Еще утром в этот понедельник я был совсем в другом расположении духа. Выбранив племянников, оставив без внимания «вдову» и нагрузив Хатема сотней ненужных поручений, я ушел от них подальше, чтобы мирно пройтись с Маимуном. Он-то смотрел на меня теми же глазами, как накануне, – по крайней мере мне так казалось в ту минуту, как наш караван тронулся в дорогу.

Когда мы выходили из Тарса, какой-то путник, шедший впереди, ткнул пальцем в разрушенную лачугу возле старого колодца, утверждая, что здесь и родился святой Павел. Маимун шепнул мне на ухо, что очень в этом сомневается, зная, что апостол Иисуса происходил из колена Вениаминова, из богатой семьи, которая владела мастерской, где ткали полотна из козьей шерсти.

– Дом его родителей должен быть так же огромен, как дом моего брата Елеазара.

Так как я удивился обширности его знаний о религии, которая не была его собственной, он скромно сказал:

– Я только прочел несколько книг, чтобы уменьшить свое невежество.

Я тоже – благодаря своей профессии, да и просто из естественного любопытства – прочитал когда-то несколько книг о разных современных учениях, так же как и о верованиях римлян и греков. И мы принялись сравнивать присущие им достоинства, не осуждая, разумеется, религии другого.

Только когда я сказал – по ходу нашего разговора – что, по моему мнению, одна из самых прекрасных заповедей христианства – это «возлюби ближнего твоего, как самого себя», я заметил, как Маимун улыбнулся с сомнением. Так как я ободрил его – во имя нашей дружбы и наших общих сомнений – поведать мне всю глубину своих мыслей, он мне признался:

– Эта заповедь кажется на первый взгляд безупречной, а впрочем, Иисус взял ее из девятнадцатой главы Книги Левита, стиха восемнадцатого, где она уже была – и в тех же выражениях. Тем не менее она рождает во мне некоторые сомнения…
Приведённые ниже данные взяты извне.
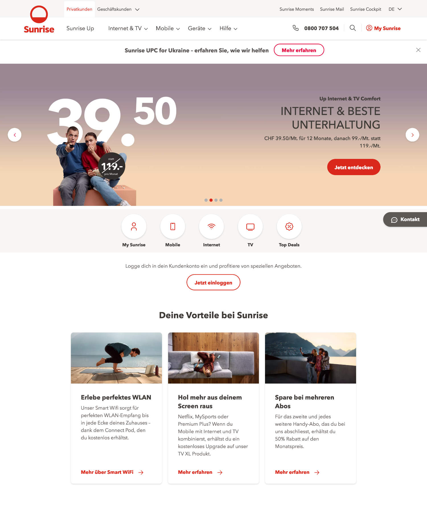 瑞士電信公司Sunrise UPC于2020年底從UPC有線網(wǎng)絡(luò)運(yùn)營商與手機(jī)提供商Sunrise合并中誕生,對(duì)其品牌進(jìn)行了排序。日出將成為未來的主要品牌,同時(shí)獲得新的

– В чем же ты можешь ее упрекнуть?

– Глядя на то, как большинство людей распоряжаются своей жизнью и своим умом, я не желал бы, чтобы они любили меня, как самих себя.

Я хотел ответить ему, но он остановил меня взмахом руки.

– Подожди, на мой взгляд, есть еще кое-что, и это тревожит меня гораздо больше. Нам никогда не удастся помешать некоторым людям воспринимать эту заповедь не столько с великодушием, сколько с высокомерием: то, что хорошо для тебя, хорошо и для других; если ты придерживаешься истины, твой долг наставить заблудших овец на путь праведный – любыми средствами… Отсюда и насильное крещение, которому некогда подверглись мои предки в Толедо. Видишь ли, я намного чаще слышал, как эту фразу произносили не овцы, а волки, и теперь я ее остерегаюсь, прости меня…

– Твои слова меня удивляют… Мне трудно пока понять, могу ли я признать твою правоту, или ты ошибаешься; мне нужно подумать… Я всегда считал это изречение самым прекрасным…

– Если ты ищешь прекраснейшее изречение всех религий, прекраснейшее изречение, когда-либо слетавшее с уст человеческих, это не оно. Это другое, но произнес его тоже Иисус. Он взял его не из Писаний, а просто слушал свое сердце.

Какое же? Я ждал. Маимун придержал на мгновение свою лошадь, чтобы придать торжественность своим словам:

– «Кто из вас без греха, первый брось на нее камень!»


23 сентября.

Был ли в словах, процитированных вчера Маимуном, какой-то намек на Марту? Я не переставал спрашивать себя об этом всю ночь. В его взгляде не было упрека, а, может быть, всего лишь намек на приглашение к разговору. А впрочем, к чему мне и дальше молчать, ведь слово Христа освобождает меня в глазах друга и от того малого, что я мог бы совершить, так же как и от моих лживых умолчаний.

Я решил все ему рассказать, все, сегодня же утром: кто такая Марта, почему она сейчас с нами, какие отношения связывают меня с ней и какие не связывают. После той несколько гротескной сцены, случившейся в доме Елеазара, было необходимо как можно скорее перестать скрытничать, иначе пострадает наша дружба. А потом, в этом деле, усложняющемся с каждым моим шагом, мне понадобятся советы уравновешенного и понимающего друга.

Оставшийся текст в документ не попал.